▶ Input:
__________
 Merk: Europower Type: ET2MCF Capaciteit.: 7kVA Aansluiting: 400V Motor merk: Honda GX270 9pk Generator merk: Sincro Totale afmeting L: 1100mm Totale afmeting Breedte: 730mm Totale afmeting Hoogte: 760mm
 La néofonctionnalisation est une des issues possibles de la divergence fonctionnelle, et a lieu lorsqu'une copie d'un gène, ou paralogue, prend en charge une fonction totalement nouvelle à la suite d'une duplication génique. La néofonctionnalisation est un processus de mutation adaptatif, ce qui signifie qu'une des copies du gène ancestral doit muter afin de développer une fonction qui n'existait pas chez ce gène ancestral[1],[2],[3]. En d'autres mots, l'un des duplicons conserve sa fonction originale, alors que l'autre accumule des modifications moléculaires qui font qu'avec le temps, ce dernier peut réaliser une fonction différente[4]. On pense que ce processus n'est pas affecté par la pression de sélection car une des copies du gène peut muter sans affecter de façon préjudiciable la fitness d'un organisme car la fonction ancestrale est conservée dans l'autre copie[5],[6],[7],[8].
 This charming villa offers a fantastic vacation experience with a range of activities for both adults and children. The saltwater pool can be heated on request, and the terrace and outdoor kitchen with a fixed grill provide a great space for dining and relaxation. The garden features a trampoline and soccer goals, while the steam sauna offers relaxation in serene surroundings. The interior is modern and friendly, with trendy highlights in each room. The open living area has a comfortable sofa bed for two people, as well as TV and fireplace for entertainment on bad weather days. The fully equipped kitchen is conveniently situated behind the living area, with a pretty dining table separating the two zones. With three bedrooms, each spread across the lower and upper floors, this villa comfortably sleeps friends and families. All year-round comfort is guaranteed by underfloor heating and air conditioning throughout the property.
__________
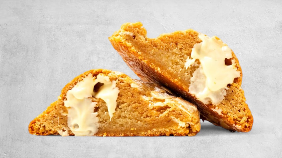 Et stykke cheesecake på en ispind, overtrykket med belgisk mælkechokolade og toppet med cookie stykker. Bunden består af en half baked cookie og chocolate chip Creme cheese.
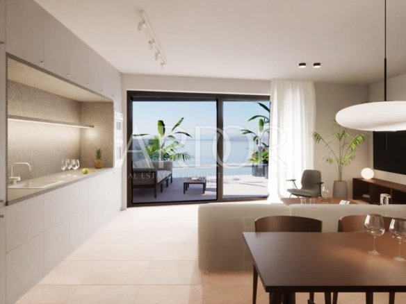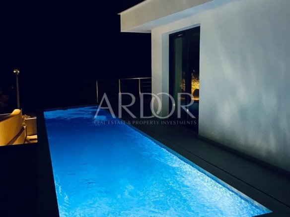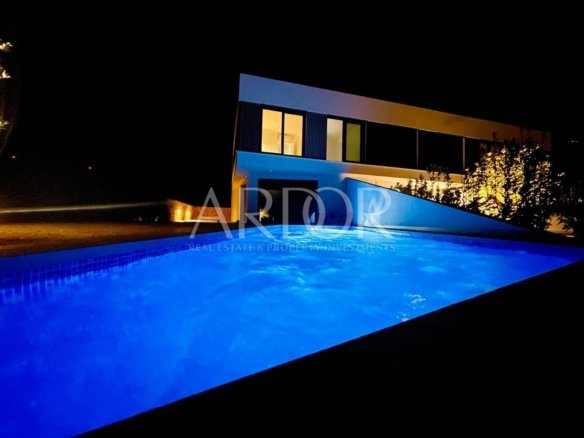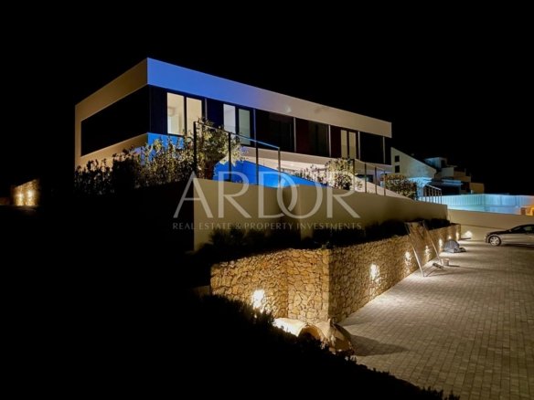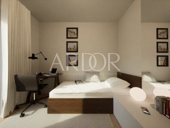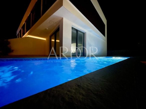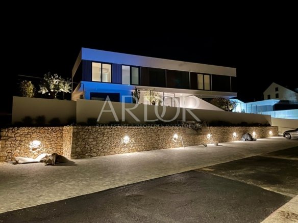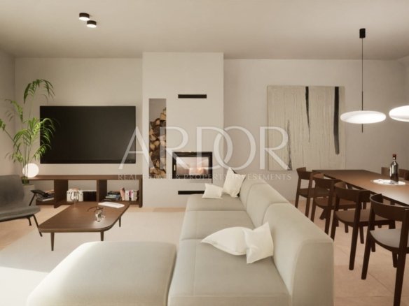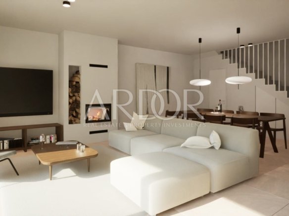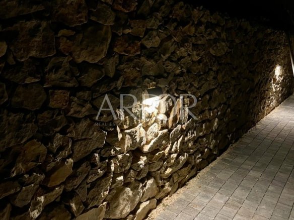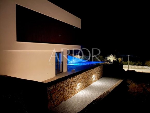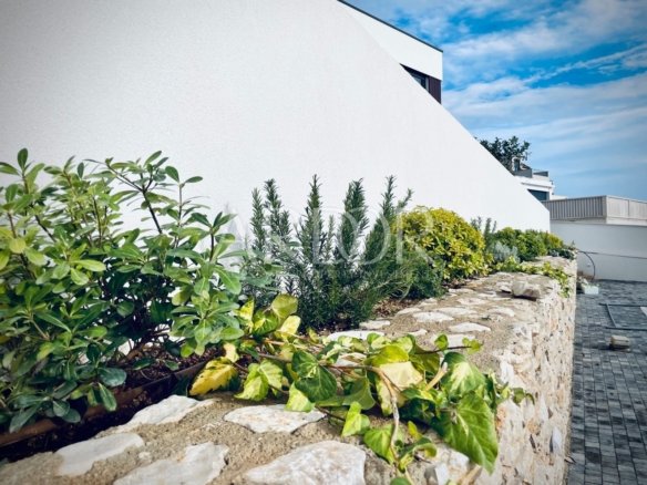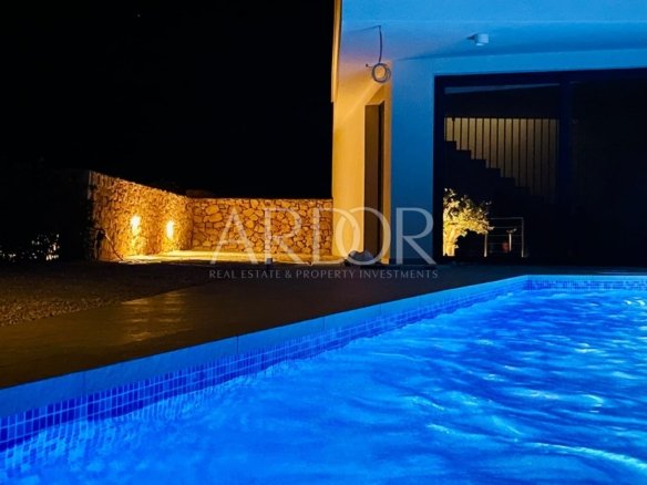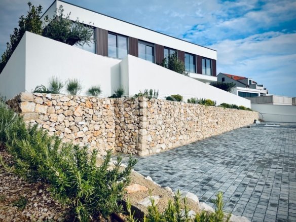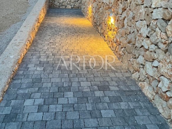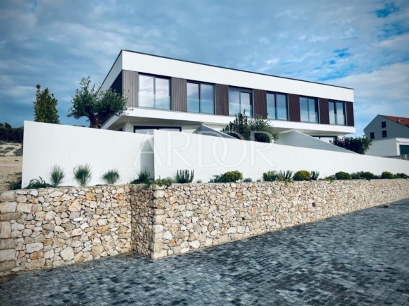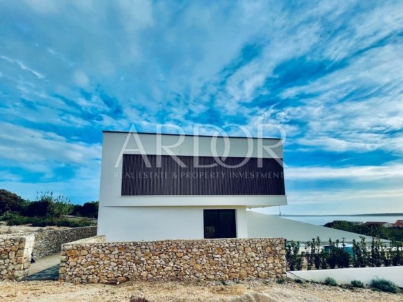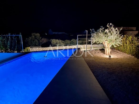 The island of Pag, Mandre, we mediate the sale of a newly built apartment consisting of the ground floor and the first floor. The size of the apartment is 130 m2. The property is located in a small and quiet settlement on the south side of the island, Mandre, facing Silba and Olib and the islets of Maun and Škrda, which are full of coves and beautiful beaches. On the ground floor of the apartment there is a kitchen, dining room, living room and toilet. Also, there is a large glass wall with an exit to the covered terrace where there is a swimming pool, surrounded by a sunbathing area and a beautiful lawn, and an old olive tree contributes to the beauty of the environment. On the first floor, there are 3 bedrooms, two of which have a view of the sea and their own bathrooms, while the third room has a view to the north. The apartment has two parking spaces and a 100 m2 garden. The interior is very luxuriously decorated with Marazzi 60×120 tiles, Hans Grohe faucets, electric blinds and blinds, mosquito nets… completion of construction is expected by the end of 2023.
__________
▶ Activity: Your output should be the lines above from the one that contains "Et stykke cheesecake" through the one that contains "The island of", word for word, with pictures left out.

▶ Solved problem:
 Et stykke cheesecake på en ispind, overtrykket med belgisk mælkechokolade og toppet med cookie stykker. Bunden består af en half baked cookie og chocolate chip Creme cheese.
 The island of Pag, Mandre, we mediate the sale of a newly built apartment consisting of the ground floor and the first floor. The size of the apartment is 130 m2. The property is located in a small and quiet settlement on the south side of the island, Mandre, facing Silba and Olib and the islets of Maun and Škrda, which are full of coves and beautiful beaches. On the ground floor of the apartment there is a kitchen, dining room, living room and toilet. Also, there is a large glass wall with an exit to the covered terrace where there is a swimming pool, surrounded by a sunbathing area and a beautiful lawn, and an old olive tree contributes to the beauty of the environment. On the first floor, there are 3 bedrooms, two of which have a view of the sea and their own bathrooms, while the third room has a view to the north. The apartment has two parking spaces and a 100 m2 garden. The interior is very luxuriously decorated with Marazzi 60×120 tiles, Hans Grohe faucets, electric blinds and blinds, mosquito nets… completion of construction is expected by the end of 2023.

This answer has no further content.